Выходим из руин. Куда идти, куда деться? Остановились на площади Свободы. Смотрим, люди направляются в костел. Вспоминаю, как мы, пионеры, когда-то занимались антирелигиозной пропагандой. Дожидались верующих после службы и говорили им, что религия – опиум для народа.
Мама говорит, что нужно зайти в костел. Подумают, что и мы верующие.
– Постоим немного, погреемся и пойдем…
В костеле все стоят на коленях. Мама говорит и нам сделать то же самое. А я стою, не могу… Мама умоляюще смотрит на меня, шепчет:
– Не привлекай внимания… Нас же схватят.
Когда окончился молебен, выходим из костела. Куда идти теперь? К друзьям-белорусам? Опасно для них и для нас. Дорога одна – снова в гетто.
* * *
Решаем подойти к гетто со стороны Замковой. Подходим ближе. Неподалеку прохаживается часовой. Удивительно, но он в красноармейской шинели. Мы просим у часового разрешения пройти в наш дом, взять кое-что из вещей.
– Вы же наш, в красноармейской шинели, – говорю я.
Мама дергает меня за рукав.
– Какой ваш? – вдруг кричит часовой.
– Позвольте нам, – просит мама, – взять теплое пальто. Возьмем и пойдем…
Часовой оглядывается по сторонам. Вокруг ни души. Толкает меня вперед.
– Иди! Только быстро… А вы туда, подальше отсюда, – приказывает маме с Инной.
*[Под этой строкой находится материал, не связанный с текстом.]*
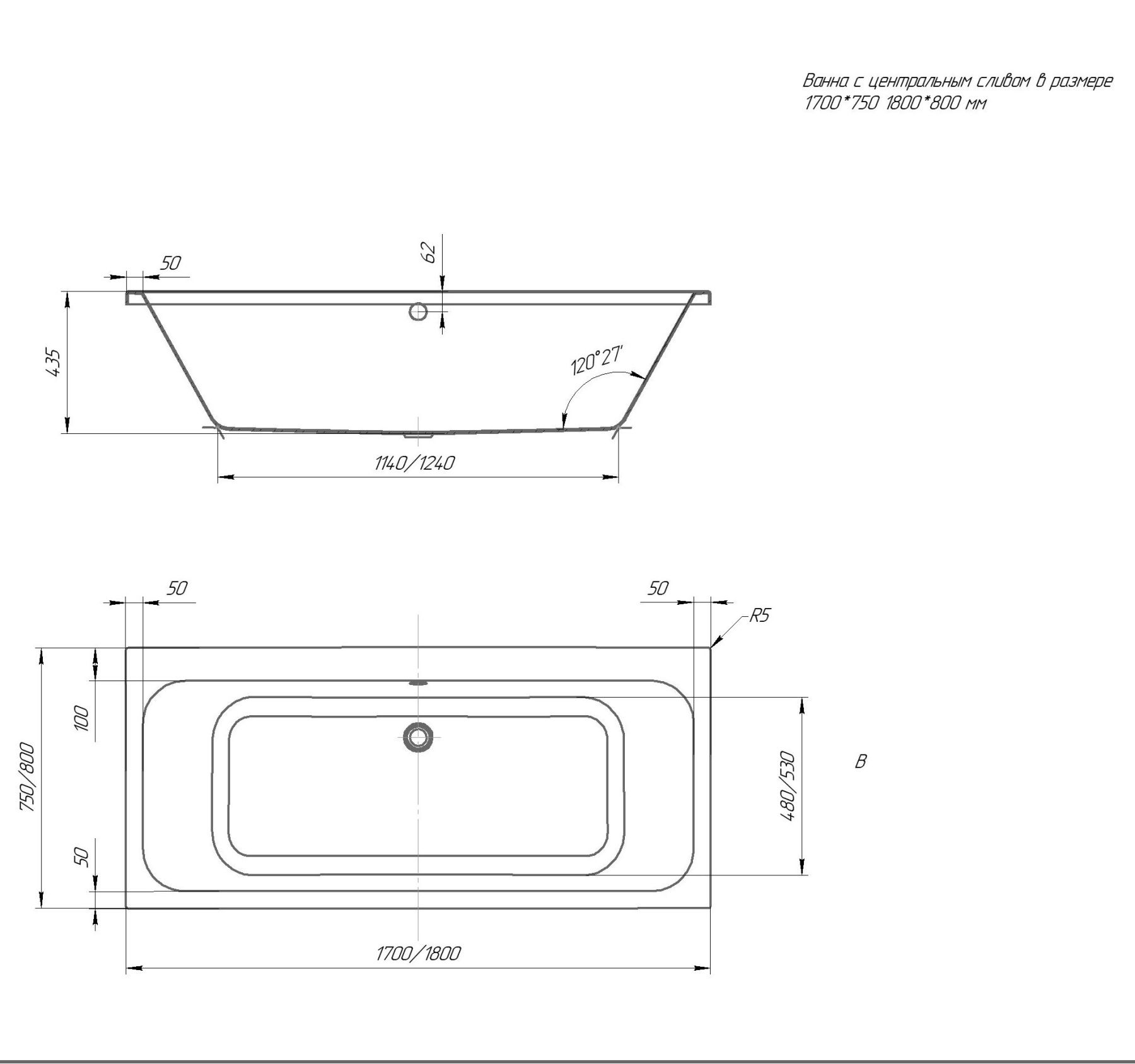 Габариты (Д Ш), см: 170х75Высота с опорой, см: 62Объем, л: 250 Форма: прямоугольнаяМонтаж: пристеннаяРасположение перелива: по центруДиаметр слива ванны, см: 5,1Материал: 100% литьевой акрилЦвет: белыйГарантия: 20 летСтрана: Россия Вид опоры: каркас сборно-разборный металлический (шпильки) или опорная конструкция (ножки), приобретается отдельноЭкран: фронтальный и боковой, приобретаются отдельноСлив-перелив: нет, приобретается отдельноАнтискользящее покрытие: нескользкая поверхность

Я вбегаю в дом. Это уже не дом – кладбище. Еще несколько часов назад тут жили, ходили, разговаривали люди. Табуретка нашей любимой бабушки, на которой она грелась у печки. Кровать несломленной Тэмы. Матрац у шкафа, на котором спали Дина и Эра. Кому причинили зло эти люди? За что? За что такое?
Горько, навзрыд плачу, присев на табуретку. Глазами ищу пальто и торбочку с едой. Чего я сижу? Надо скорей, скорей!
И вдруг, как привидение, на пороге два немца в серо-зеленых шинелях. На груди большущие бляхи. Патрульная служба военно-полевой жандармерии… Я не услышала, как они вошли в открытые двери. Цепенею от страха, с ужасом гляжу то на бляхи с цепями, то на сапоги. Голос немца заставляет опомниться:
– Wer bist du? Eine Judin?[6]
Самой не верится, но чувствую, как уплывает страх. Конец так конец!
– Jawohl, – говорю я, – eine Judin[7].
Немцы переглядываются.
– Wo ist deine Mutter?[8]
– Dort, – показываю на улицу, – und Schwester dort[9].
– Wo ist dein Vater?
– In der Roten Armee[10].
Вот вам, гады! Я уже не боюсь! Убивайте! Я еврейка! Мой отец в Красной армии! Убивайте!
Немцы снова переглядываются.
– Was machst du jetzt da?[11]
Отвечаю, что пришла после погрома, что мы здесь жили…
– Armes Kind[12], – говорит немец и спрашивает, где я выучила немецкий язык.
Я отвечаю, что мы изучали немецкий в школе, что я пришла взять вещи. Немец бросает мне чужие вещи, приказывает, чтобы я взяла их с собой. Я говорю, что чужое мне не нужно.
Немец спрашивает, чья это аптечка на стене. Отвечаю, что мамина.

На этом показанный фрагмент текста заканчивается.